» EXERCISE AIM
Copy out the lines beginning with the one that contains "2025年12月1日楽天食フ" and ending with the last line below, exactly as they stand. Pictures are not copied.

» DATASET EXTRACT
***

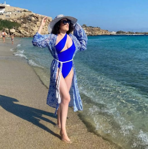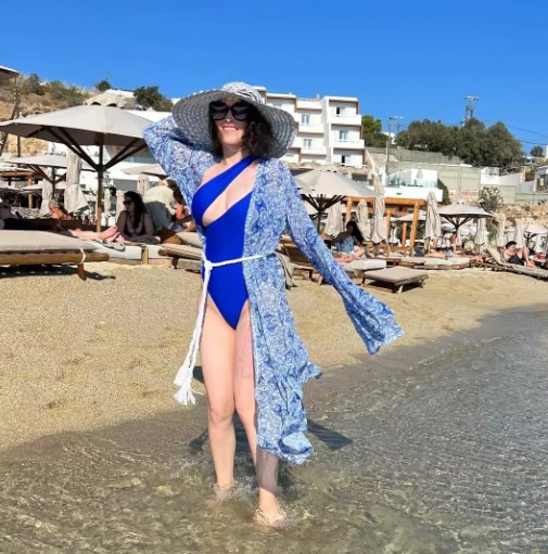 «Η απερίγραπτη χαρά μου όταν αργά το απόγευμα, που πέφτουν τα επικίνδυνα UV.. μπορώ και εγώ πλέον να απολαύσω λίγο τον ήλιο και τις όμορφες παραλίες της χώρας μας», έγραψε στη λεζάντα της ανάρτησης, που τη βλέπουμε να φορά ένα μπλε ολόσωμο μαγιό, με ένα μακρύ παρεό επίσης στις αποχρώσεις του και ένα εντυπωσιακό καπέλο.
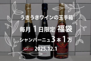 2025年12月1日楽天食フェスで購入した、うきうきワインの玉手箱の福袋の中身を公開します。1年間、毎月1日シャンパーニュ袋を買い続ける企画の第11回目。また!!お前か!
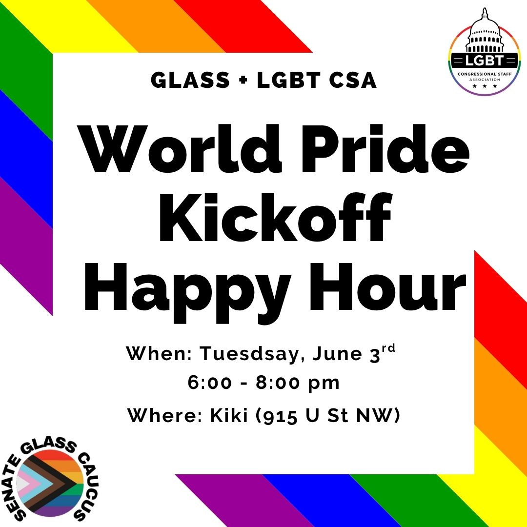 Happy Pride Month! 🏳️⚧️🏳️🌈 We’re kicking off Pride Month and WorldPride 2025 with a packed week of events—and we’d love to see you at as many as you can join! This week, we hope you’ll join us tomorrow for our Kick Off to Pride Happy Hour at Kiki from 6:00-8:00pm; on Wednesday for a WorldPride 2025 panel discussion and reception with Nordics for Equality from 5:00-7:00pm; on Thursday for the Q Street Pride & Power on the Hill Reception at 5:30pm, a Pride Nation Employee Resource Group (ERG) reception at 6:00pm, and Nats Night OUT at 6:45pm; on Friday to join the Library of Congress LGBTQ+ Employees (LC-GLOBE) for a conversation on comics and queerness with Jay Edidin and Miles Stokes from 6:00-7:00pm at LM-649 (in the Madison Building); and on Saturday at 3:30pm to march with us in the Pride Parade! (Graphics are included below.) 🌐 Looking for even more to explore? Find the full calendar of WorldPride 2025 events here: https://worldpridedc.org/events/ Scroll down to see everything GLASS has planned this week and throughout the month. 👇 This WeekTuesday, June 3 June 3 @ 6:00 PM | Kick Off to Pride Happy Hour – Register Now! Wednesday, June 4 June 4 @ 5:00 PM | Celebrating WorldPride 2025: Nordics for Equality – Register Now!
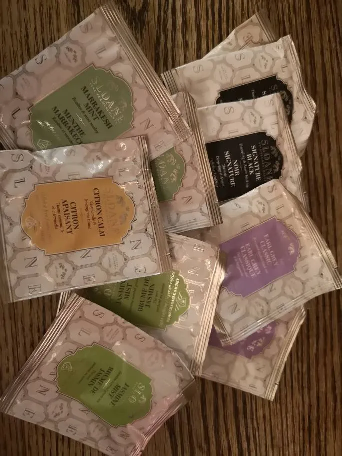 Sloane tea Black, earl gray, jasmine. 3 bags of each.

***

» TASK RESULT
 2025年12月1日楽天食フェスで購入した、うきうきワインの玉手箱の福袋の中身を公開します。1年間、毎月1日シャンパーニュ袋を買い続ける企画の第11回目。また!!お前か!
 Happy Pride Month! 🏳️⚧️🏳️🌈 We’re kicking off Pride Month and WorldPride 2025 with a packed week of events—and we’d love to see you at as many as you can join! This week, we hope you’ll join us tomorrow for our Kick Off to Pride Happy Hour at Kiki from 6:00-8:00pm; on Wednesday for a WorldPride 2025 panel discussion and reception with Nordics for Equality from 5:00-7:00pm; on Thursday for the Q Street Pride & Power on the Hill Reception at 5:30pm, a Pride Nation Employee Resource Group (ERG) reception at 6:00pm, and Nats Night OUT at 6:45pm; on Friday to join the Library of Congress LGBTQ+ Employees (LC-GLOBE) for a conversation on comics and queerness with Jay Edidin and Miles Stokes from 6:00-7:00pm at LM-649 (in the Madison Building); and on Saturday at 3:30pm to march with us in the Pride Parade! (Graphics are included below.) 🌐 Looking for even more to explore? Find the full calendar of WorldPride 2025 events here: https://worldpridedc.org/events/ Scroll down to see everything GLASS has planned this week and throughout the month. 👇 This WeekTuesday, June 3 June 3 @ 6:00 PM | Kick Off to Pride Happy Hour – Register Now! Wednesday, June 4 June 4 @ 5:00 PM | Celebrating WorldPride 2025: Nordics for Equality – Register Now!
 Sloane tea Black, earl gray, jasmine. 3 bags of each.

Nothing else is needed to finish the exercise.